Donaldson Co. Inc. has announced third quarter 2018 net earnings of $69.9 million, compared with net earnings of $60.1 million in the prior year. Third quarter GAAP earnings per share increased 17.8 percent to 53 cents in 2018, up from 45 cents in 2017.
“We are pleased to have delivered another quarter of strong sales growth in both segments, reflecting benefits from consistent execution of our strategic priorities combined with favorable market conditions,” said Tod Carpenter, chairman, president and CEO. “Based on incremental strength across our company, particularly in our Engine first-fit and Industrial businesses, and continued momentum in many of our end markets, we now forecast full-year sales to increase about 15 percent and adjusted EPS to be up 17 to 19 percent.
“As we close the year, our strategic agenda is unchanged: invest in our customers, technology innovation, e-commerce and capacity expansion. Additionally, we are addressing the inflationary and demand-related pressures that have been affecting our margin. We made progress last quarter by implementing further cost-cutting initiatives and global price increases, and we view this work as ongoing. Our employees are showing tremendous commitment to enhancing our operating margin while executing our strategic priorities, and I am confident that their efforts position us well to deliver our financial and strategic targets this year and into the future.”

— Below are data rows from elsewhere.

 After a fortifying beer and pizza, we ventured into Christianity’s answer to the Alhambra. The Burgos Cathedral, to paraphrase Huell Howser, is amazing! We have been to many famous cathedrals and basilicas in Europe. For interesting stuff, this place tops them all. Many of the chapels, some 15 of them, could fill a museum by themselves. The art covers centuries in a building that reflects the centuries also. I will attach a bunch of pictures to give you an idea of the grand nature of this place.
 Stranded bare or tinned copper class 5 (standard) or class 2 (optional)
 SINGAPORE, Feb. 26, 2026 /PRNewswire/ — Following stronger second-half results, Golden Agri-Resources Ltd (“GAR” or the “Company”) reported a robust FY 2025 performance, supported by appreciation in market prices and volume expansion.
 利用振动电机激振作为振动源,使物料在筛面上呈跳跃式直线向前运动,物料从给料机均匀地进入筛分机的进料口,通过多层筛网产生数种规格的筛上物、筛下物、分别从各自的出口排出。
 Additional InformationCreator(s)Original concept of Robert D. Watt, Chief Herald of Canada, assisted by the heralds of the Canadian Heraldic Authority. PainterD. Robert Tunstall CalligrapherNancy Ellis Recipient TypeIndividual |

Third quarter 2018 sales increased 15.1 percent to $700 million from $608.2 million last year. The year-over-year increase includes benefits from currency translation and acquisitions completed in the prior year of approximately 5.7 percent and 1.4 percent, respectively.
Compared with the prior year, third quarter 2018 sales increased 16.4 percent in the Engine Products segment and 12.4 percent in the Industrial Products segment, or 11.3 percent and 5.4 percent, respectively, excluding the benefit from currency translation.

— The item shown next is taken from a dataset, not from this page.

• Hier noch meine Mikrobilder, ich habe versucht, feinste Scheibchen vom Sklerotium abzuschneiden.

Third quarter 2018 operating income rate declined slightly to 14.4 percent from 14.5 percent in 2017, reflecting lower gross margin that was partially offset by operating expense leverage.
Donaldson’s third quarter 2018 other income increased to $3.5 million from $0.6 million in 2017, with a lower loss on foreign exchange being the largest driver. Third quarter interest expense was $5.4 million in 2018, compared with $4.8 million in 2017. The company’s third quarter 2018 effective income tax rate increased to 29.4 percent from 28.7 percent in 2017, reflecting an unfavorable mix of earnings across tax jurisdictions combined with provisional charges related to the Federal Tax Cuts and Jobs Act (TCJA), partially offset by a lower U.S. corporate tax rate and benefits from stock option activity.

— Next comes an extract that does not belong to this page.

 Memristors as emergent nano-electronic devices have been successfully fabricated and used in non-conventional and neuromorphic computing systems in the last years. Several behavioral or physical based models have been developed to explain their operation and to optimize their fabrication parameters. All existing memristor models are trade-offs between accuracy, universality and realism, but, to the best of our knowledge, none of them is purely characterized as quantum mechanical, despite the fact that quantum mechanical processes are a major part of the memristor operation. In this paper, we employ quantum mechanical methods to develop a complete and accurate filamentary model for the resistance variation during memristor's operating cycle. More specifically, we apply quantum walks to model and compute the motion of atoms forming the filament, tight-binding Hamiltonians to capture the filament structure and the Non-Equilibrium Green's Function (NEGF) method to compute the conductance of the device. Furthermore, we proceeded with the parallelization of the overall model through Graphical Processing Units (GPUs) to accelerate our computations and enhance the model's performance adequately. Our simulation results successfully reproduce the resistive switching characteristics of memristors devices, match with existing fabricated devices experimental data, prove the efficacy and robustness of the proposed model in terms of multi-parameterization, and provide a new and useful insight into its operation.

During third quarter 2018, Donaldson repurchased 1 million shares, or 0.8 percent, of its common stock at an average price of $44.85 for a total investment of $44.9 million. Year to date, the company has repurchased 2.3 million shares, or 1.8 percent, of its common stock at an average price of $46.18 for a total investment of $107.7 million. Donaldson paid dividends of $23.4 million in third quarter and $70.2 million year to date. In addition, Donaldson made discretionary contributions to its U.S. pension plans of $35 million during third quarter.
Fiscal 2018 Outlook
Donaldson now expects fiscal 2018 adjusted EPS between $1.97 and $2.01, reflecting an increase of 2 cents when comparing the midpoints of the current and prior guidance ranges. Year-to-date charges related to provisional estimates of the impact from the TCJA result in fiscal 2018 GAAP EPS that is approximately 83 cents lower than adjusted EPS.
Donaldson expects full-year 2018 sales will increase about 15 percent, compared with prior forecast of 13 to 15 percent. The forecast includes benefits from currency translation and acquisitions completed in fiscal 2017 of approximately 3 percent and 1 percent, respectively.